[Bugfix] Reset all unused positions to prevent out-of-bounds in GatherV3 (#1416)

yiz-liu · web-flow · commit 2690697caa47 · 2025-06-26T09:27:43.000+08:00
### What this PR does / why we need it? Reset all unused positions in `NPUModelRunner` to prevent out-of-bounds asserts in the `GatherV3` operator. Currently, in [`get_splitfuse_attn_mask`](https://github.com/vllm-project/vllm-ascend/blob/main/vllm_ascend/attention/attention.py#L124), the `position` tensor may contain values that exceed the dimensions of the attention mask, triggering a `GatherV3` boundary check failure. These invalid indices originate from stale “dirty” entries left over in `position` due to padding logic in the ACL graph.
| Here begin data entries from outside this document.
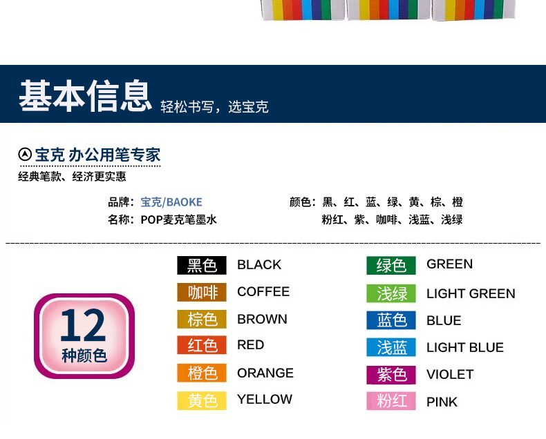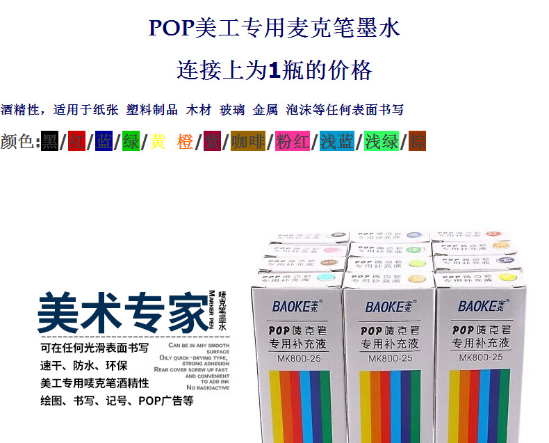 商品名称:宝克 POP补充液,POP广告笔水,唛克笔水,POP笔水,麦克笔水,马克笔水,手绘POP海报笔水 商品编号:14.01.03.0031B 品牌:宝克/BAOKE 上架时间:2016-10-06 商品毛重:0克 价格单位:瓶 起批量:小盒 包装含量:12瓶/条,240支/件 如果您发现商品信息不准确,欢迎纠错;如果您发现有比51文具价格更低的,欢迎举报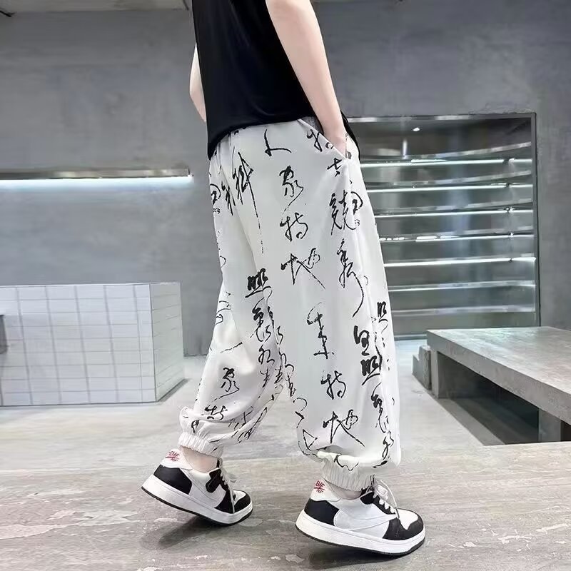 国风男童防蚊裤夏季薄款裤子儿童夏款冰丝速干长裤大童夏装灯笼裤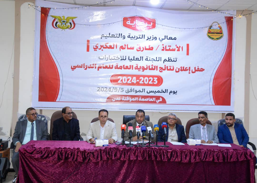 وهنأ وزير التربية والتعليم طارق العكبري خلال حفل الإعلان الذي نظمته اللجنة العليا للاختبارات، جميع الطلاب والطالبات الذين حققوا نتائج عالية على مستوى المحافظات المحررة..متنمياً لهم بالتوفيق والنجاح في مشوار تحصليهم التعليمي المقبل.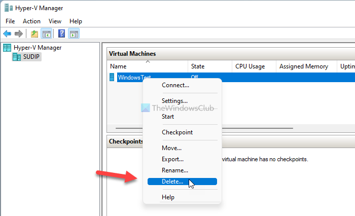 Si vous supprimez la machine virtuelle d'origine, l'identifiant unique sera également supprimé de votre ordinateur. Autrement dit, cela créera un espace pour que l’ancien identifiant soit installé sur votre ordinateur. Pour supprimer une machine virtuelle Hyper-V, procédez comme suit :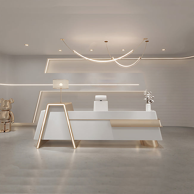 Simple Modern Hotel Company Front Desk Reception Desk JDT-7175 This reception desk exudes a modern and minimalist style. It features an all - in - one design with smooth and natural lines. LED light strips are installed under the...
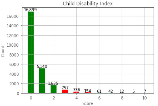 Distribution of the Child Disability Index (CDI). In red are the children that are categorized with a Severe Developmental Disability (SDD).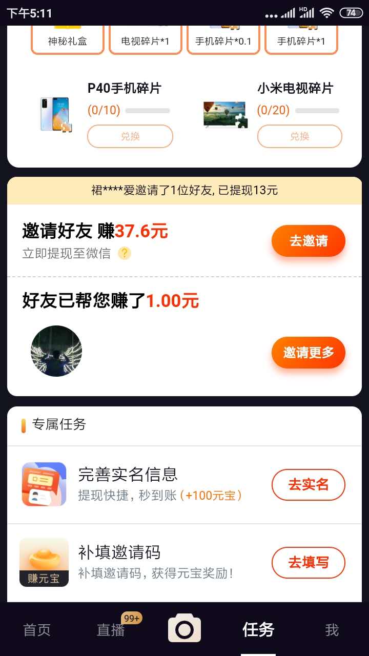 A.点击下方“任务”,在专属任务中,第二栏,就是“补填邀请码”;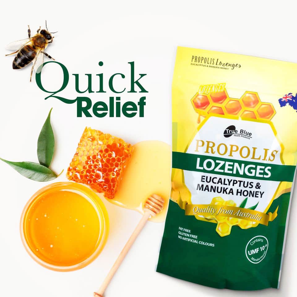 Thời tiết thay đổi thất thường rất dễ làm bạn bị cảm, viêm họng. Kẹo ngậm keo ong True Blue Propolis Lozenges Eucalyptus & Manuka Honey từ keo ong, mật ong và bạch đàn an toàn cho cả mẹ bầu và bé. Hơn nữa bé nào ho với đau họng mà không thích uống dạng viên hay siro thì kẹo ngậm ho True Blue Propolis Lozenges này hỗ trợ bé giảm cơn ho, ngứa cổ và kháng viêm hiệu quả.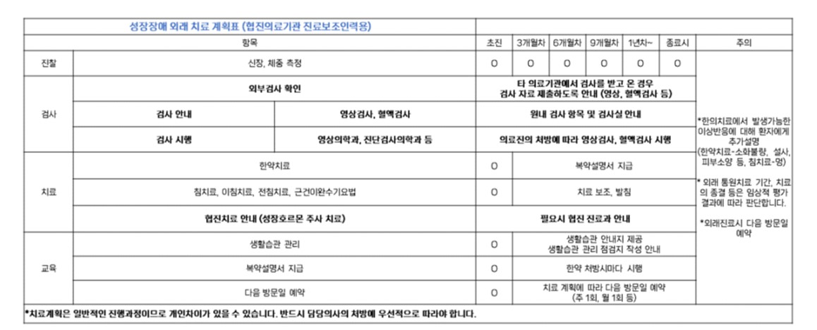 소아청소년성장장애 협진병원용 한의표준임상경로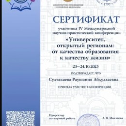 23 октября 2025 года доцент кафедры тюркской и восточной филологии Аксмуллинского университета Р.А. Султакаева успешно выступила на IV Международной научно-практической конференции «Университет, открытый регионам». Мероприятие проходило в онлайн-формате на базе Российского государственного педагогического университета им. А.И. Герцена.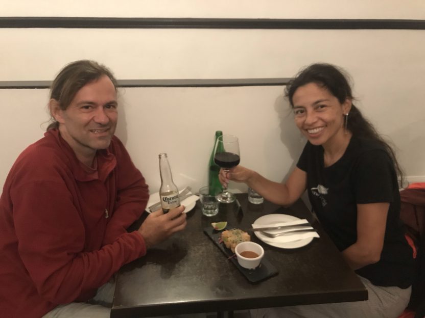 Anyway, everything ready for our visitors, including the French, Spanish, Australian and Colombian flags flying up high. Around 2pm, Rene and Belen arrived. With a little companion, Vishnu – a toy poodle! First time we had a dog on board. He is so cute! We were all so excited to meet again. In the original plan, they were supposed to visit us in French Polynesia and that obviously didn’t happen, so the fact that we could actually meet and they could see Happy Days was really amazing. After lots of hugs and kisses. We did a quick tour of the boat and set up for lunch. They brought an incredible seafood platter, we cheered and talked non-stop to update each other on our last 18 months and the plans ahead.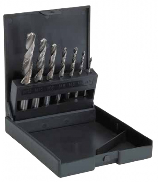 Set kombiniranih ročnih spiralno/navojnih Whitworth svedrov velikosti od BSW 1/8" do BSW 1/2". Vsako orodje je zaradi svoje pregledne postavitve hitro dostopno ob odprtju škatle. Sveder opravlja dve ločeni funkciji v enem orodju; z njim izvrtamo luknjo v material ter naredimo notranji navoj.
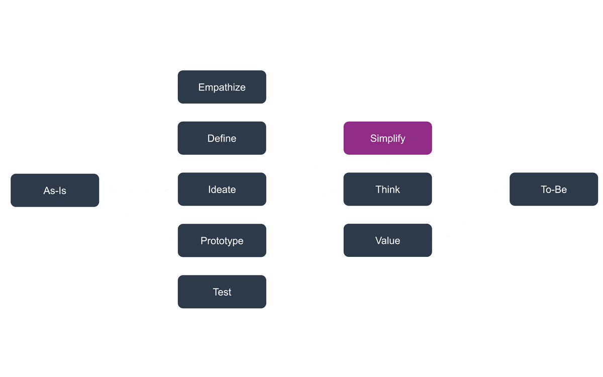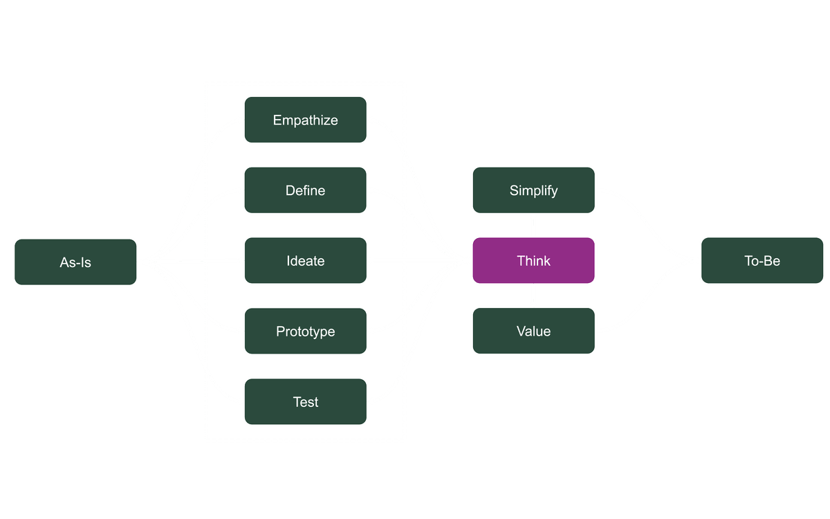 In complex industries, there is a compelling need to innovate. An early step we take to innovate with no-code is to Think. This is applying Design Thinking in five stages, as defined by the Stanford d.school1: Empathize; Define; Ideate; Prototype; and Test.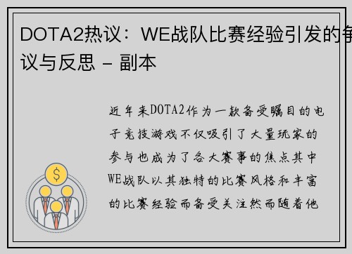 DOTA2热议:WE战队比赛经验引发的争议与反思 - 副本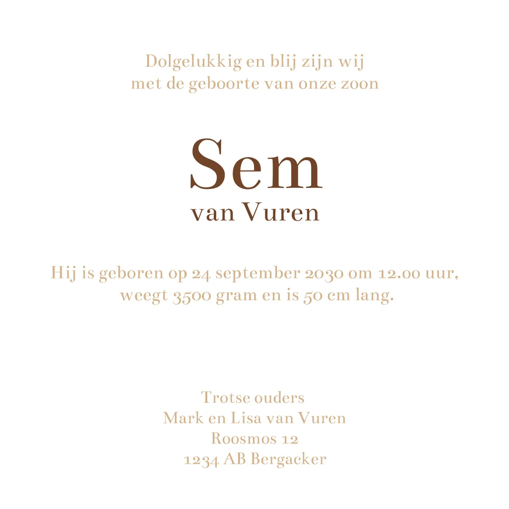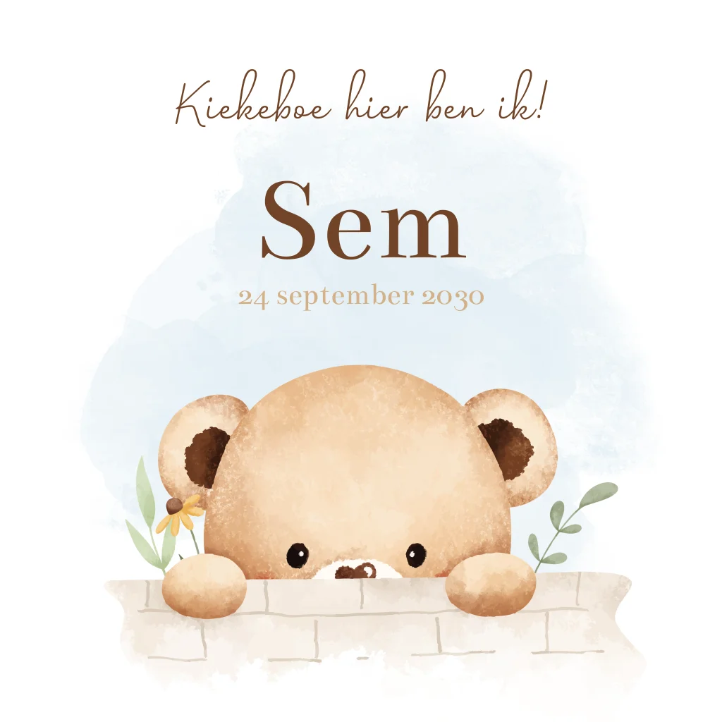Een lief geboortekaartje met een beertje verstopt achter een muur. Bovenaan de kaart staat Kiekeboe hier ben ik! Een vrolijke tekst om jouw kleintje mee aan te kondigen.

Specifically, in [`_process_reqs`](https://github.com/vllm-project/vllm-ascend/blob/main/vllm_ascend/worker/model_runner_v1.py#L989), the variable `num_input_tokens` is always greater than or equal to `total_num_scheduled_tokens`, so any positions not explicitly cleared from a previous batch will persist and cause this sporadic error. BTW, in the original vLLM implementation, masks are constructed internally using other args, so these lingering values do not surface. However, on the Ascend platform—where split-fuse attention requires externally supplied masks—these residual indices become critical and lead to this elusive, hard-to-reproduce failure. The fix is to explicitly reset or zero out all unused entries in the `position` tensor before passing it to `GatherV3`, ensuring that every index lies within the valid range of the attention mask. Closes: #1038 ### Does this PR introduce _any_ user-facing change? No Signed-off-by: Yizhou Liu <liu_yizhou@outlook.com>
diff --git a/vllm_ascend/worker/model_runner_v1.py b/vllm_ascend/worker/model_runner_v1.py
@@ -953,6 +953,7 @@ def _process_reqs(
                 self.mrope_positions_cpu[:, :total_num_scheduled_tokens],
                 non_blocking=True)
 
+        self.positions[total_num_scheduled_tokens:num_input_tokens].zero_()
         self.positions[:total_num_scheduled_tokens].copy_(
             self.positions_cpu[:total_num_scheduled_tokens], non_blocking=True)
         positions = self.positions[:num_input_tokens]